"""

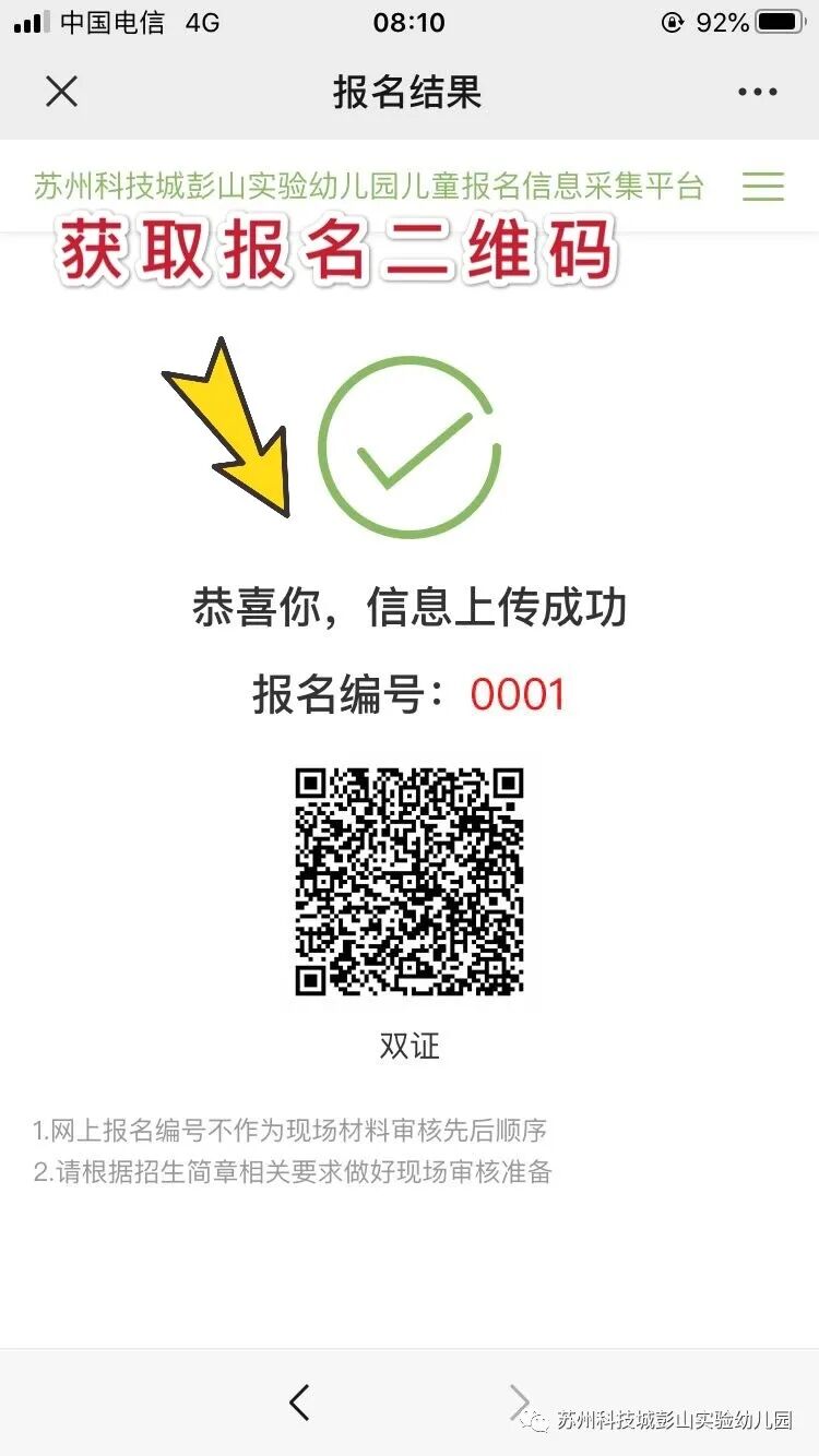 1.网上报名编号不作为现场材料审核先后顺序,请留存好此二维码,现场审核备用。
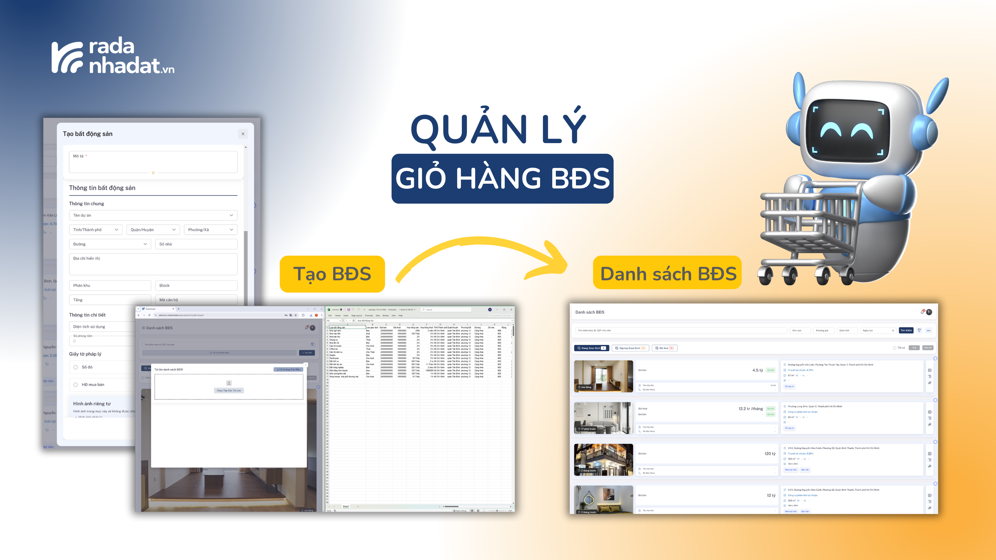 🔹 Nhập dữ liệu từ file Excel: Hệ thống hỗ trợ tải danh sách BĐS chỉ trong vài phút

"""
"""

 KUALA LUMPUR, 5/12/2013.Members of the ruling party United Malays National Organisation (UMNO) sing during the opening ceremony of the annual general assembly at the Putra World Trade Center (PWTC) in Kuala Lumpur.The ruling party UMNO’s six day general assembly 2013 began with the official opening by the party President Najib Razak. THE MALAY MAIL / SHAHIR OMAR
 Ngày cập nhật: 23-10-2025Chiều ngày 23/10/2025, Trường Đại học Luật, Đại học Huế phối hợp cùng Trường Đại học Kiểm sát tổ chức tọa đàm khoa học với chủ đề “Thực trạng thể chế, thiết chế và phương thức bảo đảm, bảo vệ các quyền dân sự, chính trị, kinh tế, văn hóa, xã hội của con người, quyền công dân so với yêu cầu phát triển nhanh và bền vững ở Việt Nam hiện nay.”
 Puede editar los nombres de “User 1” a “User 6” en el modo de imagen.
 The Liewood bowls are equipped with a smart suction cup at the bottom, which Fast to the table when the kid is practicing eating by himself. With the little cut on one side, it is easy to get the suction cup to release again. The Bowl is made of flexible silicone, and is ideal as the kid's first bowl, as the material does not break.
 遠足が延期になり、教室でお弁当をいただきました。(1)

"""

=== How to complete this task ===
Start with the line above that contains "Puede editar los" and stop after the line that contains "遠足が延期になり、教室でお弁当をいただきました。(1)". Output those lines exactly, and only those.

=== Your solution ===
 Puede editar los nombres de “User 1” a “User 6” en el modo de imagen.
 The Liewood bowls are equipped with a smart suction cup at the bottom, which Fast to the table when the kid is practicing eating by himself. With the little cut on one side, it is easy to get the suction cup to release again. The Bowl is made of flexible silicone, and is ideal as the kid's first bowl, as the material does not break.
 遠足が延期になり、教室でお弁当をいただきました。(1)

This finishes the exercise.